Here, then, is the moment of truth: one cannot claim, as in the case of Algeria a decade ago, that allowing truly free elections equals delivering power to Muslim fundamentalists. Another liberal worry is that there is no organised political power to take over if Mubarak goes. Of course there is not; Mubarak took care of that by reducing all opposition to marginal ornaments, so that the result is like the title of the famous Agatha Christie novel, And Then There Were None. The argument for Mubarak – it's either him or chaos – is an argument against him.

The hypocrisy of western liberals is breathtaking: they publicly supported democracy, and now, when the people revolt against the tyrants on behalf of secular freedom and justice, not on behalf of religion, they are all deeply concerned. Why concern, why not joy that freedom is given a chance? Today, more than ever, Mao Zedong's old motto is pertinent: "There is great chaos under heaven – the situation is excellent."

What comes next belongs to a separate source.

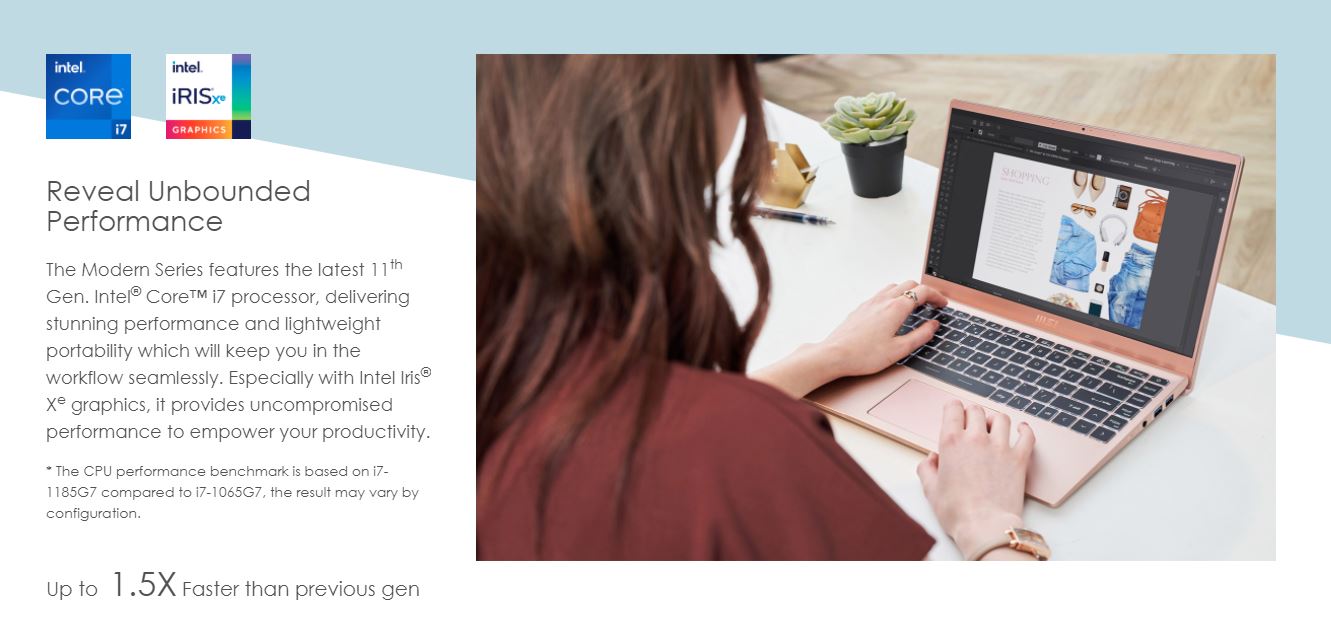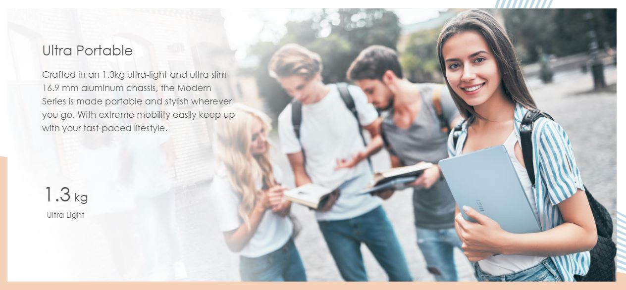 Cuối năm 2020, MSI công bố ra mắt dòng máy tính MSI Modern 14 Gen 11th với nhiều cải tiến so với người đàn em gen 10th. Mordern 14 được đánh giá là mẫu laptop có hiệu năng cực cao khi trang bị CPU Intel 11th và có thiết kế sang trọng, nhỏ gọn tăng tính cơ động và có thời lượng pin "trâu" sẽ rất phù hợp với giới doanh nhân, những bạn trẻ đam mê sáng tạo, thích sự năng động. Sự kết hợp hoàn hảo của nó khiến cho công việc, học tập hàng ngày trở nên đơn giản hơn bao giờ hết.

The hypocrisy of western liberals is breathtaking: they publicly supported democracy, and now, when the people revolt against the tyrants on behalf of secular freedom and justice, not on behalf of religion, they are all deeply concerned. Why concern, why not joy that freedom is given a chance? ...

Where, then, should Mubarak go? Here, the answer is also clear: to the Hague. If there is a leader who deserves to sit there, it is him.
Obama has a lot of smart guys around him. He isn't dragging his feet because he doesn't understand what Žižek is saying. He is dragging his feet because the US has always sided with the dictators. The US has no love for democracy. It simply wants to control the rest of the world for its "national interest". But that builds a powder keg that will explode. The 6 billion people beyond America's borders don't see their role in life as that of "easing" life for Americans. They have their own aspirations and democratic needs. So long as America crushes those aspirations, revolts and wars will break out and America will go down that path of all empires: it will exhaust itself trying to stamp out revolt. And at the same time America is corrupting the world because under this American regime of "security" only the worst of the worst can successfully revolt. You get fundamentalist crazies and leftists crazies and right wing dictators as the only successful local "leaders" because they are willing to spread as much blood as needed to wrest local control away from America.

Obama and America is spreading the seeds of decades of petty wars and violence in the name of "security" for Americans. What a tragedy.